第129章 平淡。。。。(2/2)
“萵苣是我的东西!”
她的目光扫过格沃夫,又狠狠剜了眼莉亚和本,最后落在萵苣身上,带著种近乎偏执的占有欲
“是他们的父母,偷了我的宝贝,后来把她还给我的!”
“你们这帮傢伙,”
她的声音陡然拔高,像被踩了尾巴的猫,尖锐中带著哭腔
“现在想来光明正大地把她抢走?没门!”
“她是我的!”
最后三个字,她说得又快又狠,像是在宣告一个不容侵犯的主权,可尾音里那丝不易察觉的颤抖,却暴露了她的不安。
虽然女巫说的话顛三倒四,像被风搅乱的丝线。
但是在场的每个人心里都像被什么东西照亮了——那些藏在狠戾背后的孤独,那些裹在偏执里的渴求,突然就变得清晰起来。
他们仿佛能看到很多年前的画面:女巫独自守著荆棘庄园,每天对著会发光的稻草人说话,对著菜园里的萵苣喃喃自语。
她的世界里只有风声、泥土的腥气,还有那些不会回应的植物。
直到有一天,她撞见那个农夫鬼鬼祟祟地挖走她最宝贝的萵苣根。
她本想把农夫做成稻草人,却在爭执时听见他念叨“妻子怀了孕,就想吃口新鲜的”。
那一刻,女巫黑袍下的心像是被什么东西蛰了一下。
她看著农夫焦灼又期待的脸,突然想起自己无数个夜晚坐在石凳上,看著月亮从塔尖滑过,连个说话的人都没有。
母性的微光像星火一样在心底燃起,她不想再这么孤独下去了。
於是她没惩罚农夫,只冷冷地说:“孩子生下来,给我。”
她带走女婴时,农夫夫妇哭著求情,可她铁了心要留下这个孩子。
把她锁在高塔上,不是为了折磨,而是怕——怕有一天她会像那些被偷走的萵苣一样,悄无声息地离开,让自己重新回到只剩荆棘和稻草人的日子。
萵苣怔怔地站在原地,心口像是被温水泡过的棉花,又软又胀。
她终於明白,为什么自己叫“萵苣”——那个女巫每天清晨都会亲自浇水、施肥,哪怕荆棘划破手指也不在意的植物。
女巫没读过书,不会像城里的夫人那样给孩子取“玫瑰”“百合”之类的名字,她只是把自己最看重的东西捧出来,当成给女孩的礼物。

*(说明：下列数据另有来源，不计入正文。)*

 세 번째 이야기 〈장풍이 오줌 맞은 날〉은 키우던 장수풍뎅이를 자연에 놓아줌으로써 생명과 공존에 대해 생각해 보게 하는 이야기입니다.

这笨拙得近乎可笑的方式,藏著的是连她自己都未必能说清的重视,像埋在土里的种子,默默发了十八年的芽。
这意味著,这个被她关了十八年的女孩,从来都不是可有可无的存在。
她或许是把所有孤独都寄托在了一个活生生的生命上,又或许……真的有一份扭曲却深沉的在意,像塔顶的藤蔓,一圈圈缠绕在十八年的时光里,勒得彼此都疼,却也早已分不开。

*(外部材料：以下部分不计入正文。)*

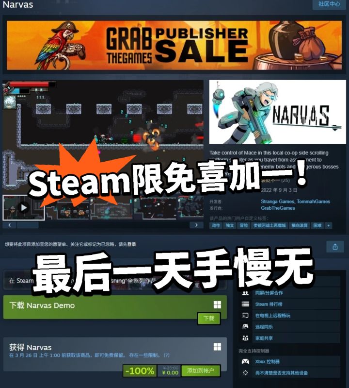 这款2D横版动作射击游戏支持中文,领取时间只有3天,截止到3月26日凌晨1点,错过这次免费机会,大概率要等上一年才能再遇到。

小瓶子张了张嘴,想说“那也不能关著人家”,可话到嘴边,却被格沃夫递来的眼神按住了。
那眼神里没有责备,只有“再等等”的示意,小瓶子悻悻地闭了嘴,低头抠起了蛋糕盘上的奶油。
莉亚悄悄拉了拉萵苣的衣角,指尖带著点凉。
她看著萵苣发白的脸,眼里满是担忧——怕她心软,也怕她被这突如其来的“真相”困住。
塔顶再次安静下来,连窗外的萤火虫都飞得轻了。
这次的安静里,少了剑拔弩张的火药味,多了些沉甸甸的东西——是被揭开的过往一角,带著泥土的腥气和草药的苦味;
是说不清道不明的牵绊,像一团被揉乱的线,有女巫的偏执,有萵苣的依赖,还有格沃夫他们带来的外界的风,缠绕著在场的每个人,解不开,也剪不断。
女巫依旧死死瞪著格沃夫,蓝眼睛里的狠劲没消,却像蒙了层雾。
她的手悄悄攥成了拳,指甲深深掐进掌心,仿佛在说“你敢抢试试”
可那微微颤抖的肩膀,却泄露出一丝连她自己都没察觉的脆弱——她怕,怕这十八年的“拥有”,终究是要被打破的。
可是,一个正值青春的人,怎么可能抵挡住对自由的嚮往?
或许女巫的在意是真的,可这份用囚禁换来的“安稳”,早已成了勒在她脖子上的绳。
正值青春的心臟,本就该为自由而跳动,而不是在方寸之地,慢慢耗成一潭死水。
萵苣深吸一口气,转头看向格沃夫,眼神里第一次有了不属於迷茫的坚定。
有些嚮往,一旦在心里扎了根,就再也捂不住了。